▶ [Given data]:
= = =

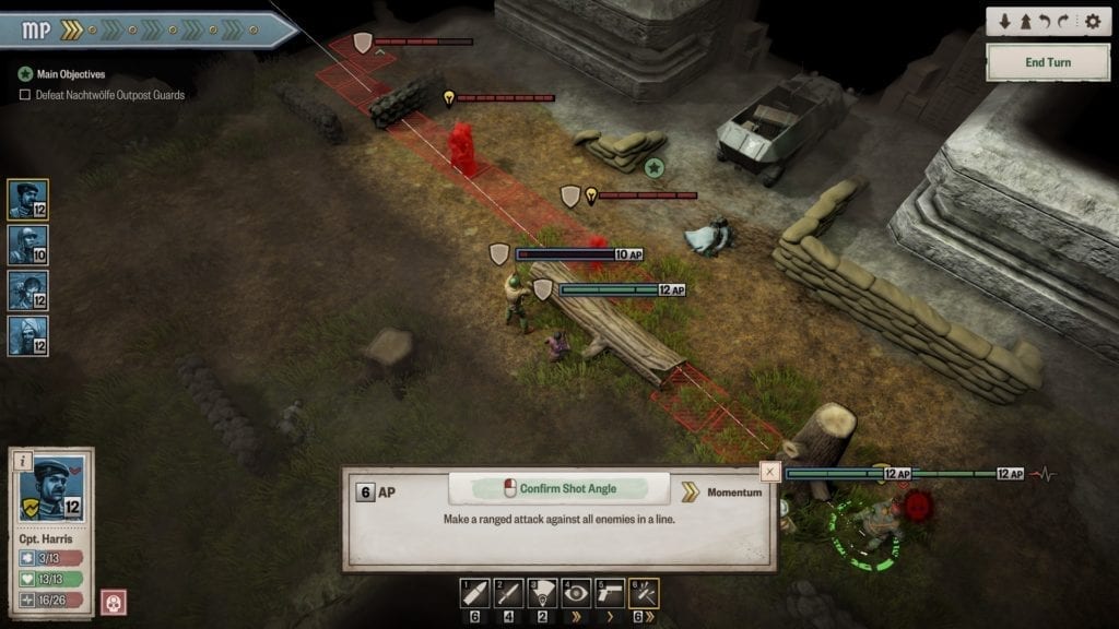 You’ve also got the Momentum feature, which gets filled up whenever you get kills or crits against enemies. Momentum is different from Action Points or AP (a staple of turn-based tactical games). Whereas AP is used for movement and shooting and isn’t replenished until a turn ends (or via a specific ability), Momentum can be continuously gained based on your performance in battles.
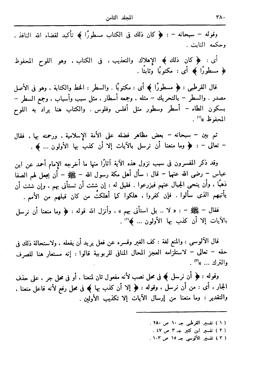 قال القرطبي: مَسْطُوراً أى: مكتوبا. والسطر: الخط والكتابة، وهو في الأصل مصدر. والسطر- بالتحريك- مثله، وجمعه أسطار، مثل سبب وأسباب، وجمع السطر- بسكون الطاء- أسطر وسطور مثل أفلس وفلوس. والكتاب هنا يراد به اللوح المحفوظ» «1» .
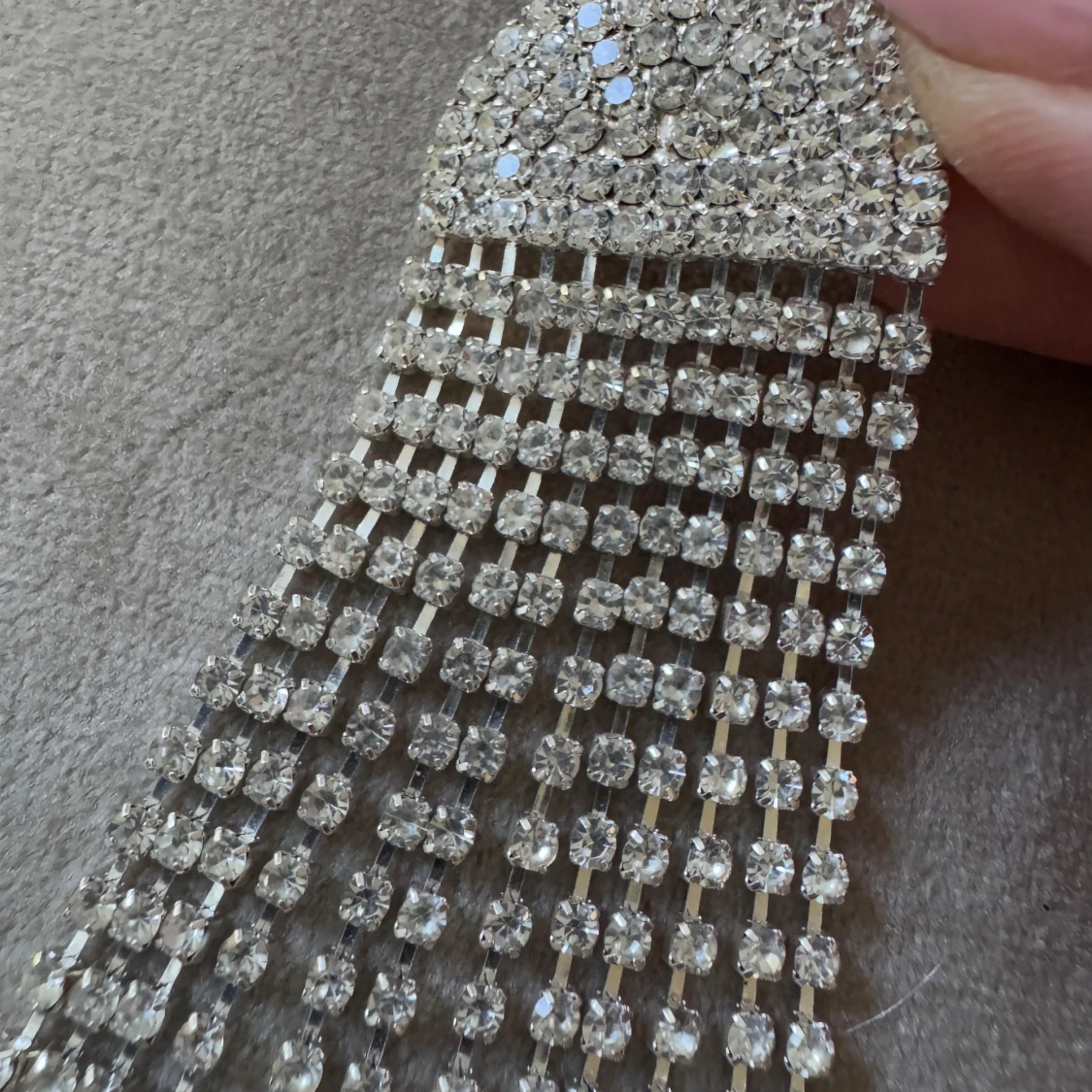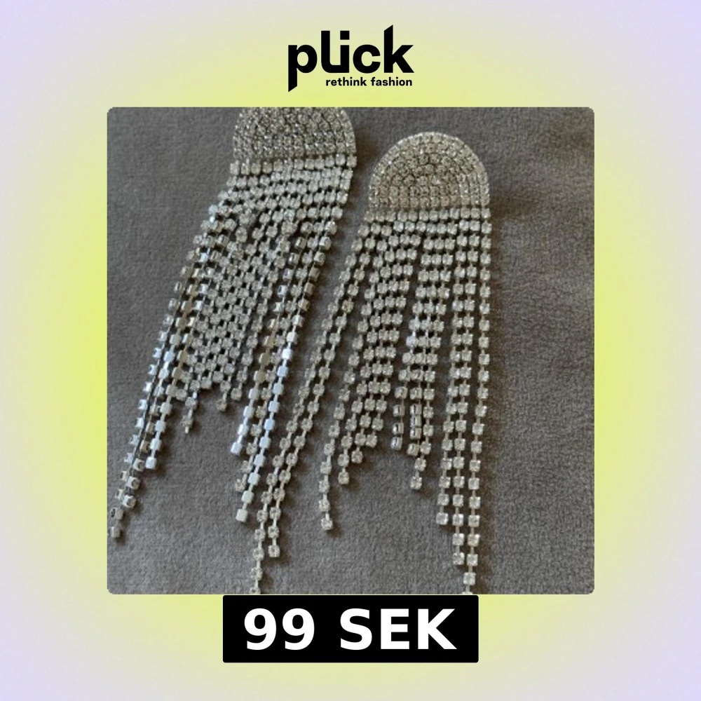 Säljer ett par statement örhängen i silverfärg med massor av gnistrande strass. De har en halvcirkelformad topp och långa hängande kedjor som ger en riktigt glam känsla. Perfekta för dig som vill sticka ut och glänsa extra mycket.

= = =

▶ [Your assignment]:
Starting with the line that contains "قال القرطبي: مَسْطُوراً", reproduce every line to the end of the material above, both end lines included, exactly and with no pictures.

▶ [Exercise solution]:
 قال القرطبي: مَسْطُوراً أى: مكتوبا. والسطر: الخط والكتابة، وهو في الأصل مصدر. والسطر- بالتحريك- مثله، وجمعه أسطار، مثل سبب وأسباب، وجمع السطر- بسكون الطاء- أسطر وسطور مثل أفلس وفلوس. والكتاب هنا يراد به اللوح المحفوظ» «1» .
 Säljer ett par statement örhängen i silverfärg med massor av gnistrande strass. De har en halvcirkelformad topp och långa hängande kedjor som ger en riktigt glam känsla. Perfekta för dig som vill sticka ut och glänsa extra mycket.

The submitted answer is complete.